Instructions for the task:
Write out the lines below exactly, beginning at the one with "Digital assets had" and stopping after the one with "Wooden Cassette Tape"; the pictures are not copied.
(Dataset begins)
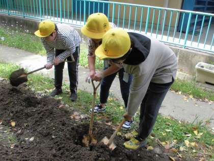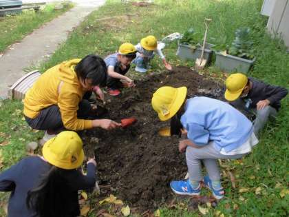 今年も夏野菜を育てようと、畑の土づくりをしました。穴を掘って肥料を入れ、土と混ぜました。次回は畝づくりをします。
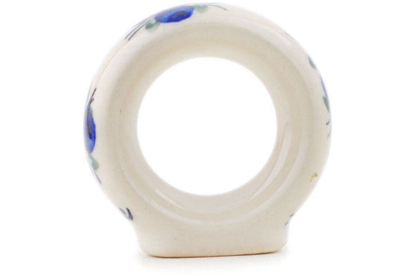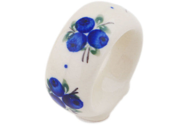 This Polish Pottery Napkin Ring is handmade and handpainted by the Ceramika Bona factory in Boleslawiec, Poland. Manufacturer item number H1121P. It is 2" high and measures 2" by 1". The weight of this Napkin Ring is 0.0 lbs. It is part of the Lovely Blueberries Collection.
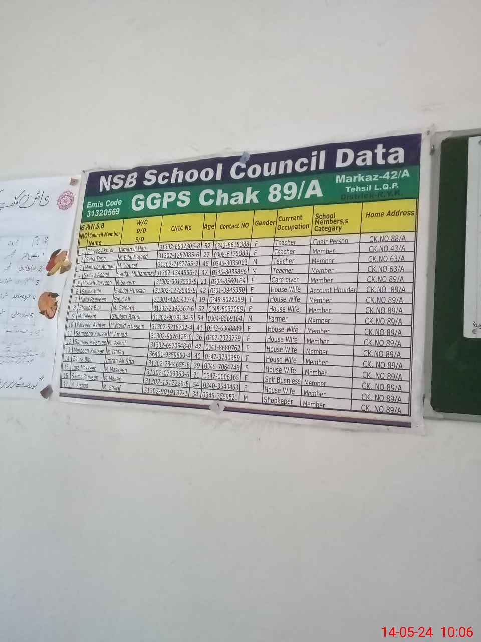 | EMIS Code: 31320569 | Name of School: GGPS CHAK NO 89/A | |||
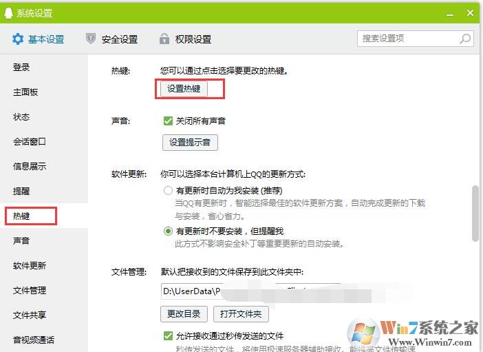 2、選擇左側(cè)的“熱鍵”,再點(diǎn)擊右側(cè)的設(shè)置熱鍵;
(Dataset ends)
(Dataset begins)
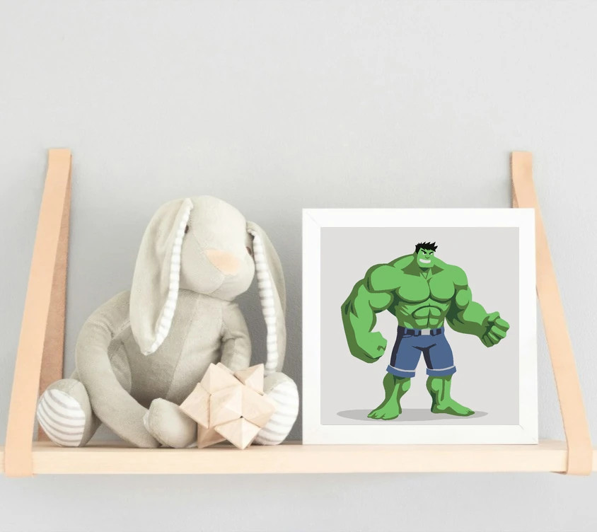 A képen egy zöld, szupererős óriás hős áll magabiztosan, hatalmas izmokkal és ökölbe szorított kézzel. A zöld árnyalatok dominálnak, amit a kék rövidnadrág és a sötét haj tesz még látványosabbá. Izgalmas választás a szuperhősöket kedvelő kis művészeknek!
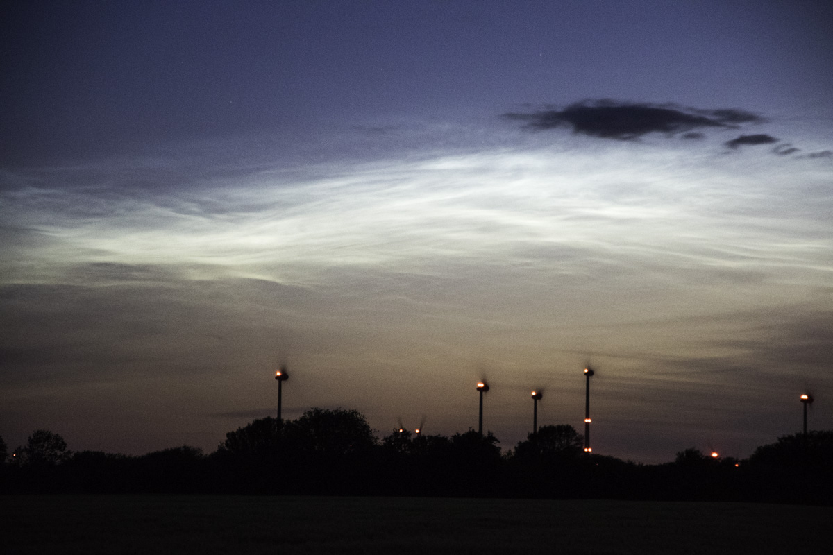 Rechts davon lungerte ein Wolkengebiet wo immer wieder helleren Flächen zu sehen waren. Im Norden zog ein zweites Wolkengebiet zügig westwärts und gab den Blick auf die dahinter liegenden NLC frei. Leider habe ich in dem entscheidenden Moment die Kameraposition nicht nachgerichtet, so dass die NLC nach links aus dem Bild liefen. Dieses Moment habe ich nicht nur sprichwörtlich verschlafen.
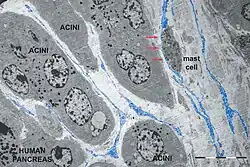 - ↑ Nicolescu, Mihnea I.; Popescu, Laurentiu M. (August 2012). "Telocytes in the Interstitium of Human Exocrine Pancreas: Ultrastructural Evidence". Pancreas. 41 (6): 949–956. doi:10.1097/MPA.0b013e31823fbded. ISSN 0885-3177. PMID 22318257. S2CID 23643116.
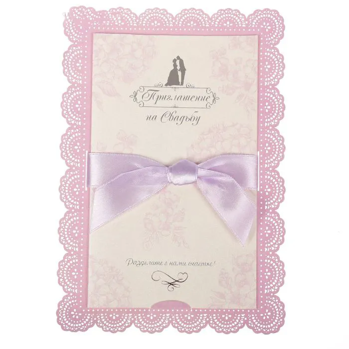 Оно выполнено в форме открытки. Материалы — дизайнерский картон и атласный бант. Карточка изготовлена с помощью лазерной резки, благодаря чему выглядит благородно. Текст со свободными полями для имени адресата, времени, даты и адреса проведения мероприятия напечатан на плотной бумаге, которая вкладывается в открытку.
(Dataset ends)
(Dataset begins)
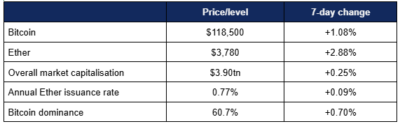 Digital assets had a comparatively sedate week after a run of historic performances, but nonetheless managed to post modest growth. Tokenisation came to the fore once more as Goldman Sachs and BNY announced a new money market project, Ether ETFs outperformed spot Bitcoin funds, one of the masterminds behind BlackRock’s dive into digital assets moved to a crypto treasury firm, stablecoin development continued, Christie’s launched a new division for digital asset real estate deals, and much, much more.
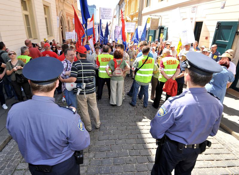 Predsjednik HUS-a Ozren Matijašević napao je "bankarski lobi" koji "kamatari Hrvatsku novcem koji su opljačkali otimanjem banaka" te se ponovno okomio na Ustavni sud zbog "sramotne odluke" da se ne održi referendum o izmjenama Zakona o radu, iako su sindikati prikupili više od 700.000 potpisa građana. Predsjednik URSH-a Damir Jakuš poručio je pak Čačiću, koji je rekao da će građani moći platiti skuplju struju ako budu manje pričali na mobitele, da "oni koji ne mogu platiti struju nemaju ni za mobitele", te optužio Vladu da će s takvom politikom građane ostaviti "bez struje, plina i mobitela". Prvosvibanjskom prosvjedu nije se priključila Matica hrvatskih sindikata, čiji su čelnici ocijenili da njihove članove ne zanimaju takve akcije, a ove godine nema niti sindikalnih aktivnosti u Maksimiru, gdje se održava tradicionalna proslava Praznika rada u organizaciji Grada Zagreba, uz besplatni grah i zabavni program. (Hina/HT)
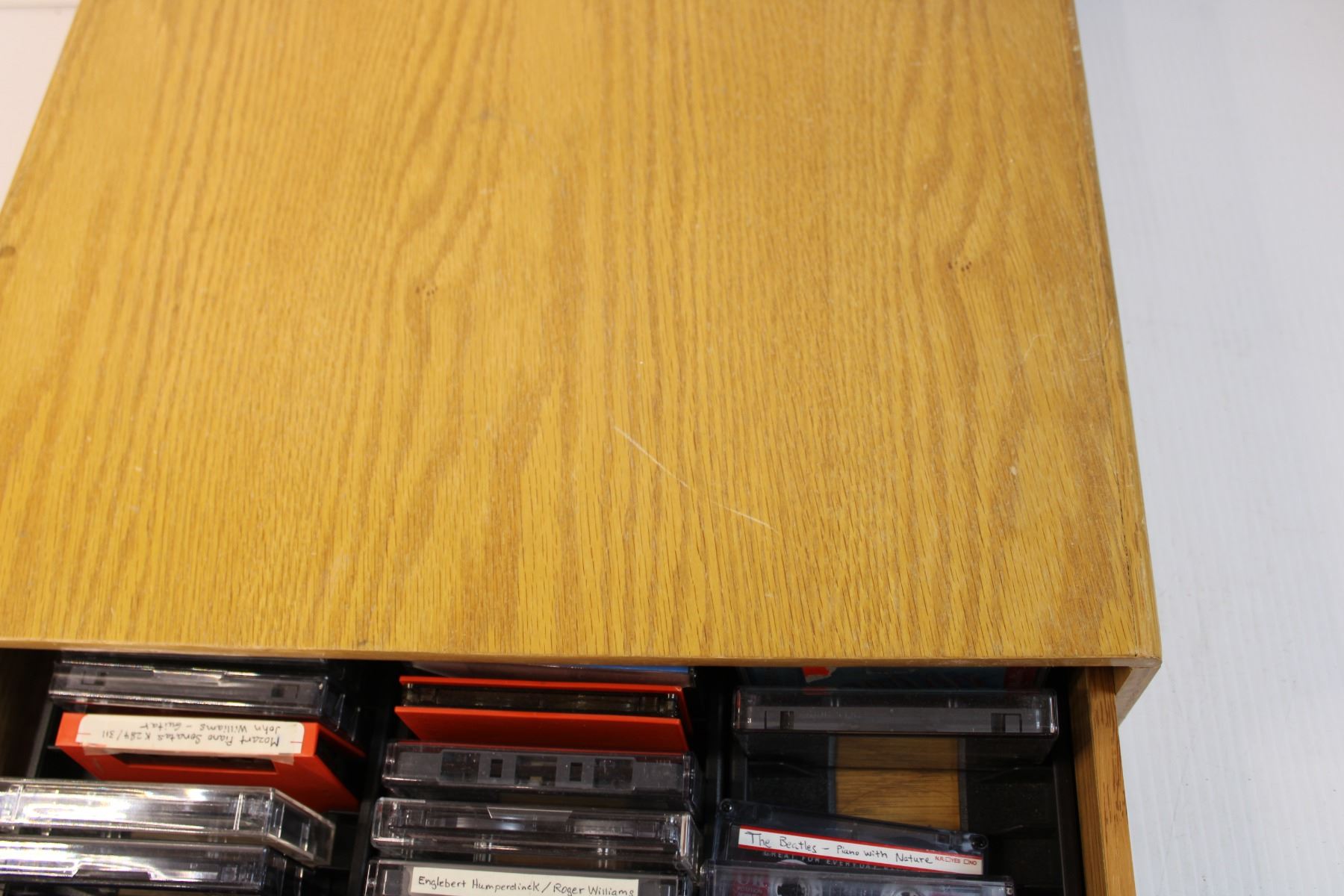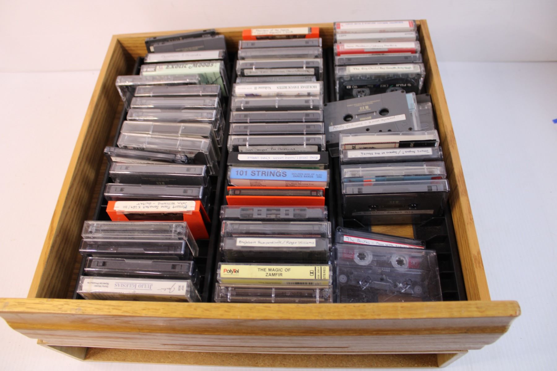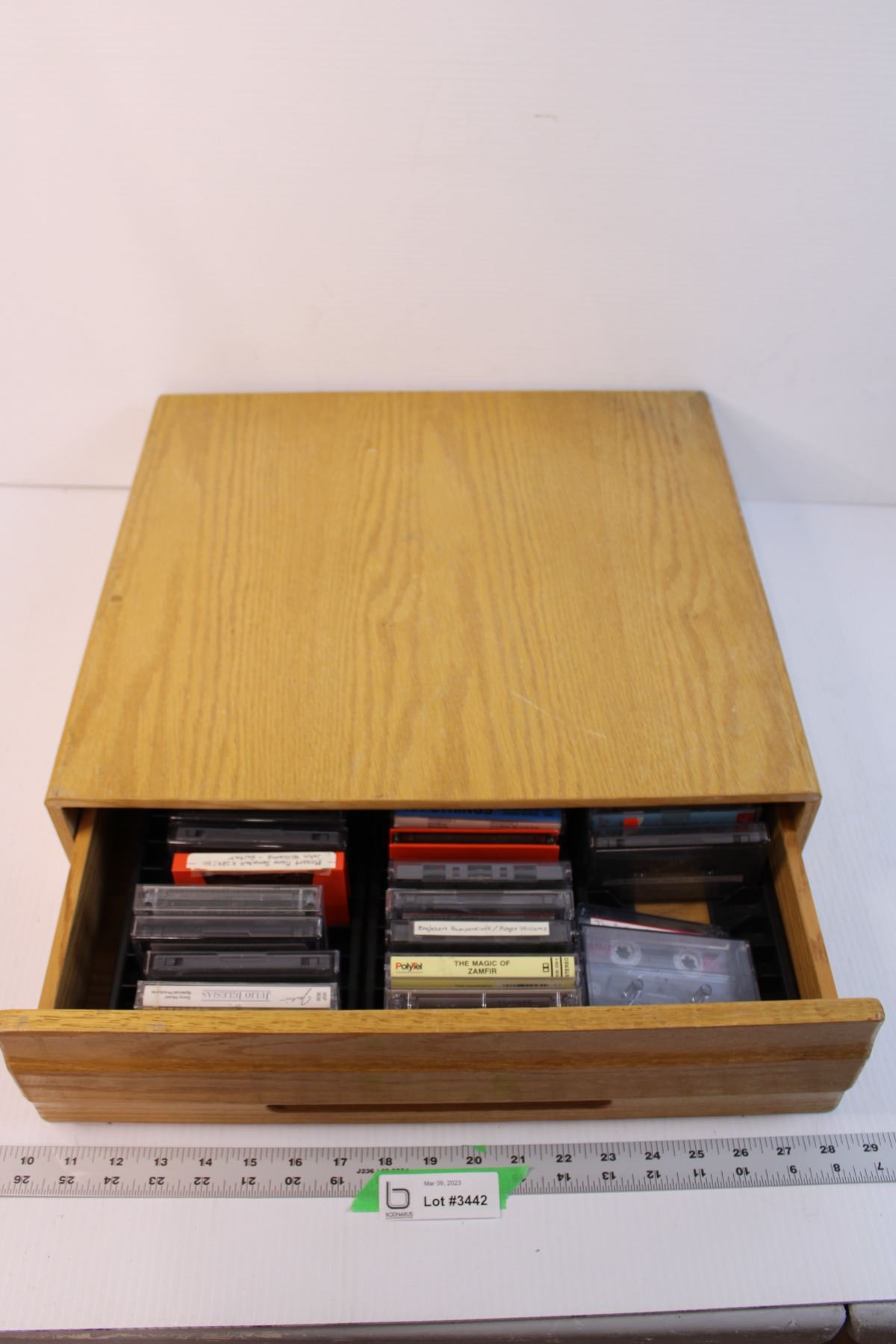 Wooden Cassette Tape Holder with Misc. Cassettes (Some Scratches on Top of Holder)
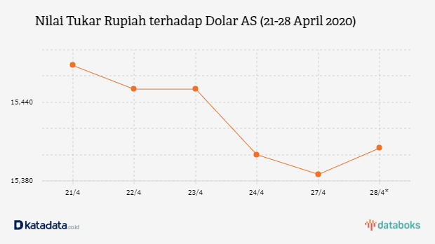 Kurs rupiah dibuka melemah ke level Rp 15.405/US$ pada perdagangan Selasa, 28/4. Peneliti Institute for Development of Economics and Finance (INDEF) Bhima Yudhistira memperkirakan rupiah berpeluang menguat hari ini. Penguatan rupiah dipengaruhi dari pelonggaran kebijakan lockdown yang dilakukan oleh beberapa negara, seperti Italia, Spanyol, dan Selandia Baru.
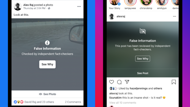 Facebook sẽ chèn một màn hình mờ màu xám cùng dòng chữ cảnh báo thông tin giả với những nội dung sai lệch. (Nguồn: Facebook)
(Dataset ends)
Exercise answer:
 Digital assets had a comparatively sedate week after a run of historic performances, but nonetheless managed to post modest growth. Tokenisation came to the fore once more as Goldman Sachs and BNY announced a new money market project, Ether ETFs outperformed spot Bitcoin funds, one of the masterminds behind BlackRock’s dive into digital assets moved to a crypto treasury firm, stablecoin development continued, Christie’s launched a new division for digital asset real estate deals, and much, much more.
 Predsjednik HUS-a Ozren Matijašević napao je "bankarski lobi" koji "kamatari Hrvatsku novcem koji su opljačkali otimanjem banaka" te se ponovno okomio na Ustavni sud zbog "sramotne odluke" da se ne održi referendum o izmjenama Zakona o radu, iako su sindikati prikupili više od 700.000 potpisa građana. Predsjednik URSH-a Damir Jakuš poručio je pak Čačiću, koji je rekao da će građani moći platiti skuplju struju ako budu manje pričali na mobitele, da "oni koji ne mogu platiti struju nemaju ni za mobitele", te optužio Vladu da će s takvom politikom građane ostaviti "bez struje, plina i mobitela". Prvosvibanjskom prosvjedu nije se priključila Matica hrvatskih sindikata, čiji su čelnici ocijenili da njihove članove ne zanimaju takve akcije, a ove godine nema niti sindikalnih aktivnosti u Maksimiru, gdje se održava tradicionalna proslava Praznika rada u organizaciji Grada Zagreba, uz besplatni grah i zabavni program. (Hina/HT)
 Wooden Cassette Tape Holder with Misc. Cassettes (Some Scratches on Top of Holder)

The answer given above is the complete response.